To add the necessary step annotations to existing how-to videos at scale, we introduce a novel crowdsourcing work- flow. It extracts step-by-step structure from an existing video, including step times, descriptions, and before and after images. We introduce the Find-Verify-Expand design pattern for temporal and visual annotation, which applies clustering, text processing, and visual analysis algorithms to merge crowd output. The workflow does not rely on domain-specific customization, works on top of existing videos, and recruits untrained crowd workers. We evaluated the workflow with Mechanical Turk, using 75 cooking, makeup, and Photoshop videos on YouTube. Results show that our workflow can extract steps with a quality comparable to that of trained annotators across all domains with 77% precision and 81% recall.

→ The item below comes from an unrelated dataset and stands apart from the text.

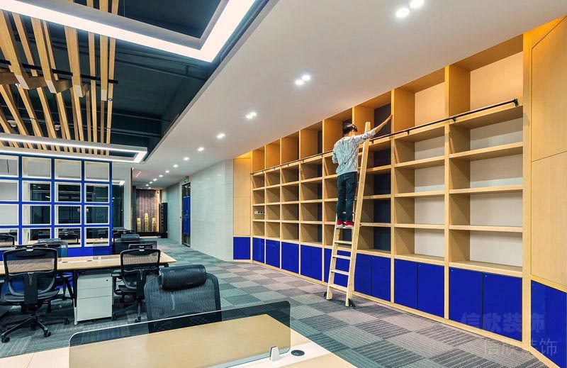運(yùn)用大面積的書(shū)柜,擴(kuò)展空間的橫豎立體感和規(guī)整性,從而增添空間的時(shí)尚個(gè)性氣息;也極大增加了儲(chǔ)存空間。大面積的書(shū)架或是滿載富含知識(shí)的書(shū)籍,或是擺放精美的瓷器、藝術(shù)陳設(shè),或是擺放公司的榮譽(yù)證書(shū)等,這些物品都可以將公司的內(nèi)容和文化體現(xiàn)出來(lái)。

(4) Cobi: A Community-Informed Conference Scheduling Tool


[UIST '13]
Cobi: A Community-Informed Conference Scheduling Tool

Juho Kim                             Massachusetts Institute of Technology, Cambridge, MA, USA
Haoqi Zhang                     Northwestern University, Evanston, IL, USA
Paul André                     Carnegie Mellon University, Pittsburgh, PA, USA
Lydia B. Chilton             University of Washington, Seattle, WA, USA
Wendy Mackay             INRIA, Orsay, France
Michel Beaudouin-Lafon   Université Paris-Sud, Orsay, France
Robert C. Miller             Massachusetts Institute of Technology, Cambridge, MA, USA
Steven P. Dow                     Carnegie Mellon University, Pittsburgh, PA, USA

Effectively planning a large multi-track conference requires an understanding of the preferences and constraints of organizers, authors, and attendees. Traditionally, the onus of scheduling the program falls on a few dedicated organizers. Resolving conflicts becomes difficult due to the size and complexity of the schedule and the lack of insight into community members' needs and desires. Cobi presents an alternative approach to conference scheduling that engages the entire community in the planning process. Cobi comprises (a) communitysourcing applications that collect preferences, constraints, and affinity data from community members, and (b) a visual scheduling interface that combines communitysourced data and constraint-solving to enable organizers to make informed improvements to the schedule. This paper describes Cobi's scheduling tool and reports on a live deployment for planning CHI 2013, where organizers considered input from 645 authors and resolved 168 scheduling conflicts. Results show the value of integrating community input with an intelligent user interface to solve cmplex planning tasks.